Before The Party
Entry by: writerUEFPLYNAYO
30th October 2014
Before the party I sit with my head in my hands wondering if I even like the people I've invited. They aren't really getting me anywhere, I thought, in terms of where I wanted to be in life, mostly we were just friends because we make the same bad decisions, we're angry about the same things, and we have a similar amount of money.
But it's important to keep up appearances, so every now and then I invite all of my friends round. We mostly met at school or university, and they come with new or old boyfriends whose jobs we could all approve of (if not sometimes with a slight sideways glance of one-upmanship or jealousy). Most of these men are handsome and have good manners, and seem content to talk amongst themselves amiably whenever the girls get together.
With the girls, however, it tends to be a different story. Maybe it was our upbringing, maybe the culture that demands we tick all of the boxes of career, of looks, of relationships; or perhaps we do it to each other. But there is, in every sentence we speak, in every thank-you card we write, in every party invitation, a subtle, insidious competition, an urge to be the best, to appear the most generous, the most capable, but yet the most humble.

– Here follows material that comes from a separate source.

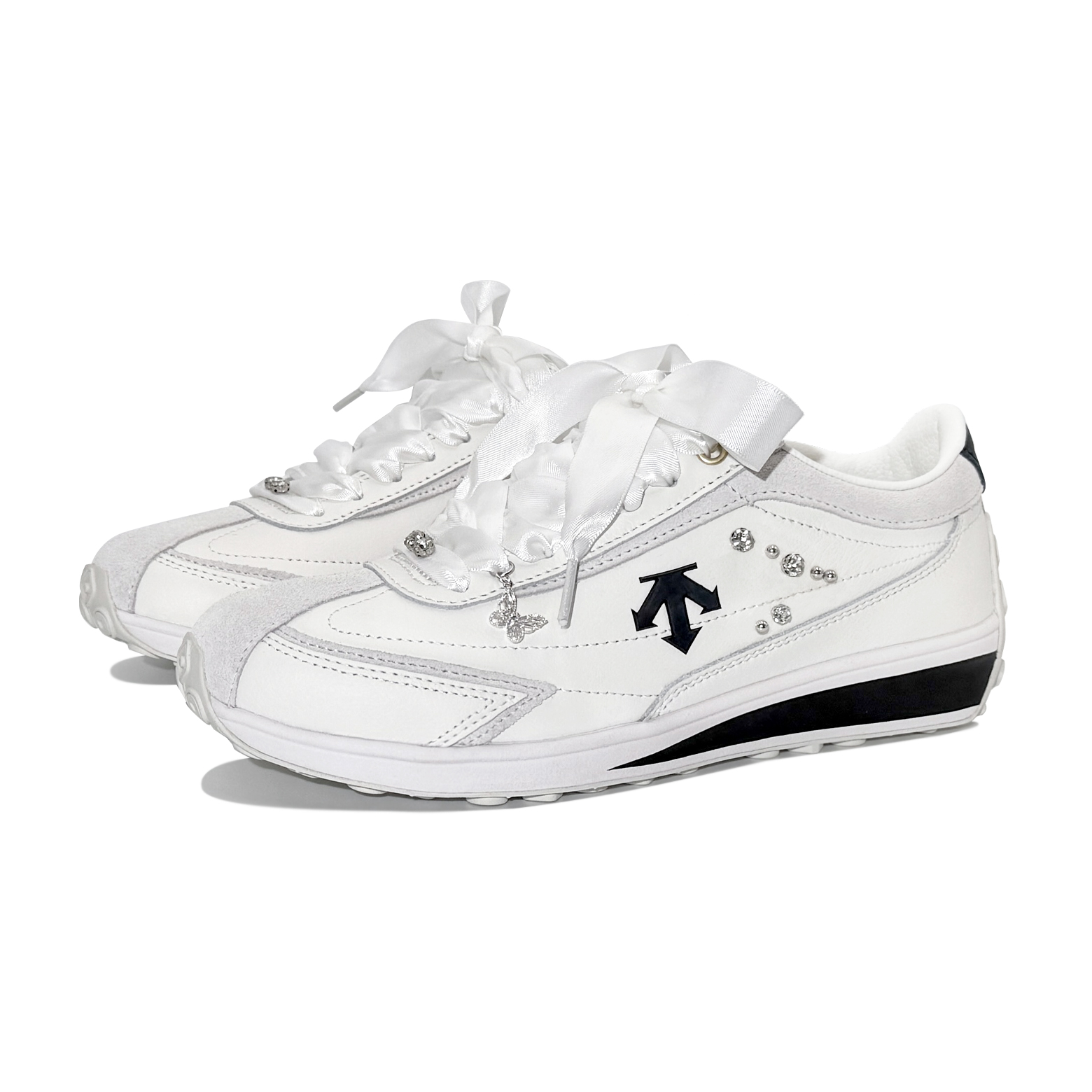Эти кроссовки, созданные на заказ, основаны на оригинальной модели DESCENTE Cron Racer (артикул SQ123LCR11-BKWH) с дополнительным артикулом SQ313LCR71-BKWH. Кроссовки украшены стразами индивидуальной огранки, украшенными бусинами, которые преломляют свет, подобно звездам, при разном освещении, напоминая струящуюся галактику в ночи. Сверкающие подвески в виде бабочек, свисающие со шнурков, легко колышутся при каждом шаге, словно порхающие в воздухе бабочки, придавая каждому движению динамичный поэтический штрих. Каждая деталь выполнена в соответствии со стандартами высокой моды: сочетание прочного металла и сверкающих бриллиантов интерпретирует современную эстетику, сдержанную, но полную напряжения.

Our friendships are haunted by this constant battle -- this constant need to appear the most together, the most controlled, the most successful. And often we go back to those boyfriends and fall to pieces in the bedroom or the shower and they come to us and prop us up again and then we take ourselves out for another day of it. But they are like that too with their friends, and often it is just exhausting and we lie in bed and cling onto each other for dear life. Then we get up early for work, go through another day of it, go out for drinks, get home exhausted, argue, make up, have sex, and then fall asleep again clinging on to each other like two emotionally redundant limpets.
So anyway -- the party. It is my birthday. Twenty Seven, if you must know, and three of my friends already engaged. Banker, PR Man, Accountant. They all step out in nice suits, they all smell of mid-to-high range aftershave. The accountant isn't even boring. My boyfriend gets on with him. But then again, my boyfriend sometimes cries at episodes of Made In Chelsea, so he really isn't to be trusted.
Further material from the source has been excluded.